Ольгерд отлично ездил верхом. Скакать рядом с ним было одно удовольствие. Михаил участвовал в охоте на зубра, видел, как взъяренный зверь, мотнув огромною косматою головой, поднял на рога и кинул через себя лошадь со всадником; следил, как этот рослый литвин в холщовой сряде с непроницаемым лицом немногословно отдает приказания и как такие же рослые белобрысые воины, выслушав и склонив головы, не тратя лишних слов, тотчас садятся в седло и скачут исполнять приказ. И по той решительной посадке, с какою садятся в седло, и по тому, как скачут, виделось: приказы исполняют тут точно. И ежели Ольгерд прикажет, допустим, схватить и зарезать его, Михаила, то его схватят и прирежут с такими же спокойными, деловитыми лицами, не смутясь и не поколеблясь духом даже на миг. Он слушал рассказы о том, как ведут себя немцы в захваченных литовских хуторах, как вспарывают животы женщинам и травят собаками детей, и понимал, что в этой суровой земле выстоять можно только так и только с таким князем во главе. Кейстут, худой, со сверкающим взором, угрюмою и краткою речью, почти не понимавший по-русски, порою казался ближе и душепонятнее Ольгерда.

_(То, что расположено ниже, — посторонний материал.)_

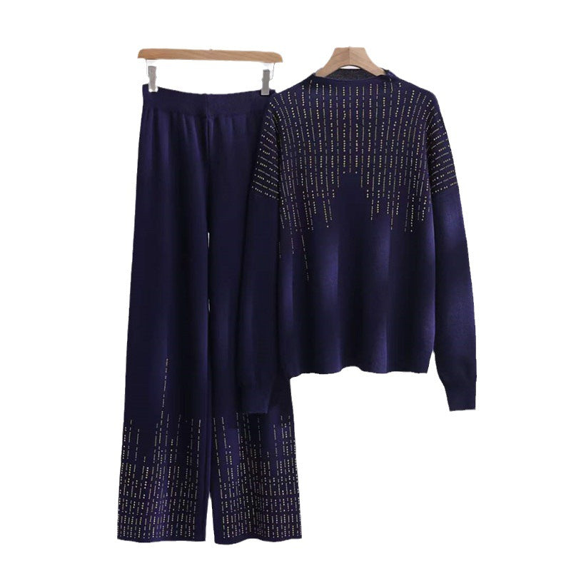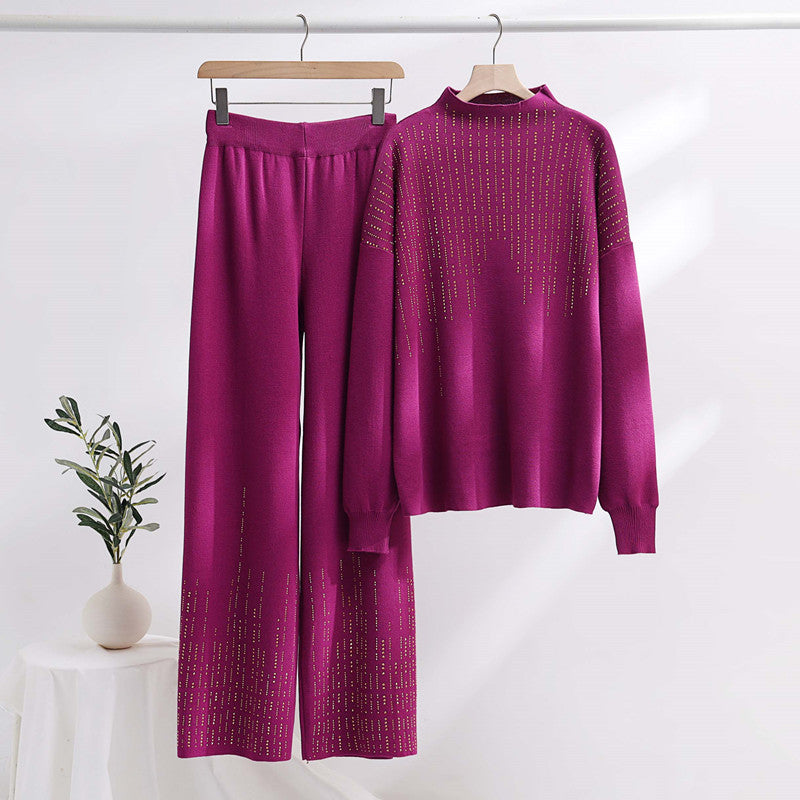 ✨New Arrivals✨Casual Knitted 2-Piece Set with Rhinestone Decor

Кейстут был рыцарь с высоким понятием о благородстве и чести, но кто был Ольгерд?

Ульяна признавалась Михаилу в те редкие мгновения, когда они оставались одни, что, родивши столько детей, до сих пор не понимает и порою боится своего мужа.

— Я только раз видела, как он смеется ото всей души! — сказала она. — Это когда разбили татар и захватили Подолию. Мнится, брате, ему власть дороже и меня, и детей, и просто всего на свете!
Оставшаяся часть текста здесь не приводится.